Carbon emissions in the first two months of 2021 were higher than in the first two months of 2020, when the impact of the coronavirus pandemic had yet to be felt in large parts of the world, according to a developer of a timely new emissions tracker.
“I can tell you that, nationwide, emissions are 3 percent higher already in the first two months of 2021 than they were in the first two—which were unaffected by the pandemic—of 2020,” said Steven J. Davis, an earth system scientist with the University of California Irvine. “We’re bouncing back.”
The world had always relied on annual emissions calculations—often arriving several months after the end of each year—until Davis and two colleagues—Zhu Liu from Tsinghua University in China and Philippe Ciais from the Laboratory for Sciences of Climate and Environment in Paris—spent their lockdowns developing a way to gather emissions data more quickly.
“The idea here was to move away from these annual energy statistics toward something that could give us a clearer picture about how energy use was changing in what we would call near real time, so maybe within a week or two of the actual emissions,” Davis said last week in a webinar hosted by The National Academies of Sciences, Engineering, and Medicine.
“We found some sources for detailed information on events around the world on a daily basis,” he said, including data on airline and ship traffic, pipeline deliveries of natural gas, traffic congestion, electricity use, and the production of steel, cement and chemicals.
The result was carbonmonitor.org, which monitored 2020’s energy emissions almost as they happened. (It does not track agricultural emissions, which may be more substantial than the power sector.)
“We saw that there were modest decreases in 2020 in the power sector and industry, but the really big increases happened, as you might expect, in transportation. And that included transportation on roads, as well as aviation, which saw huge decreases in spring of last year, and those have persisted.”

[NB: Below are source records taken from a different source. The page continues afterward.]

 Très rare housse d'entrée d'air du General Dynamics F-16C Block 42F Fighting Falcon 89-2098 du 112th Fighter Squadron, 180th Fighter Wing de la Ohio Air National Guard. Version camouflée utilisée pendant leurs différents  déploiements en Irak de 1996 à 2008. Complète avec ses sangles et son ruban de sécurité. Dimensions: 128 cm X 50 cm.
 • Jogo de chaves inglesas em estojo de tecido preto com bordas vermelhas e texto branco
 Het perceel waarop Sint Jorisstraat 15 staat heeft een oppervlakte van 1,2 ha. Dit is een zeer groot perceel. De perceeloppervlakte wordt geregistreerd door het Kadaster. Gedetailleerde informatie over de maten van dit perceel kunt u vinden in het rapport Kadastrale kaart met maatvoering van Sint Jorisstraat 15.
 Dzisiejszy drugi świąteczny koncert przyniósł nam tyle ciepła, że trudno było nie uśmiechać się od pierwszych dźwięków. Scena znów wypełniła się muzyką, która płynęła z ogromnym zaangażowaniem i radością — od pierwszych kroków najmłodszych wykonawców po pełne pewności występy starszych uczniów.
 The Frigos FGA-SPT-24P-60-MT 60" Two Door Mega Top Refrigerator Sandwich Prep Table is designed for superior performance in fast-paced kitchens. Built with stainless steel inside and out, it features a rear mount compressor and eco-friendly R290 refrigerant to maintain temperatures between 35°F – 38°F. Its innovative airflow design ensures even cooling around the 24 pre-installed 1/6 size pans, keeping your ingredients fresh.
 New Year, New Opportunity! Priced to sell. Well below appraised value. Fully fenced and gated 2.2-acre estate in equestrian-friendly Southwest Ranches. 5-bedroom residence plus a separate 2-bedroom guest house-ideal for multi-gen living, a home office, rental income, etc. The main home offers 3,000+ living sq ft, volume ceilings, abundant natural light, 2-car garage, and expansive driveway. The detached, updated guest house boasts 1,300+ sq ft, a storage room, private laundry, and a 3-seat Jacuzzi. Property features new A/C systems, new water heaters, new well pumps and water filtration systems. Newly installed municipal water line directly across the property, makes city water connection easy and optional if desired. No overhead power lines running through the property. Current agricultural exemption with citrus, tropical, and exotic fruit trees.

Overall, emissions in the U.S. dropped by about 10 percent in 2020. Much of that was due to the pandemic, Davis said, but some of it due to a longer-term reduction in carbon intensity caused by the shift from coal to natural gas. Renewables, too, enjoyed higher use during the pandemic because they have no fuel cost. When electricity demand fell, producers were more likely to shut down fossil plants, including both coal and natural gas, because of their fuel cost.
As gas plants shut down, gas prices rose, Davis said, and that helped coal plants mount a comeback toward the end of 2020. As scientists had warned during the lockdown, emissions soon bounced back.
“By the end of the year emissions were pretty much back to where they had been in 2019,” Davis said, “despite, of course, still very high numbers of new cases of Covid.”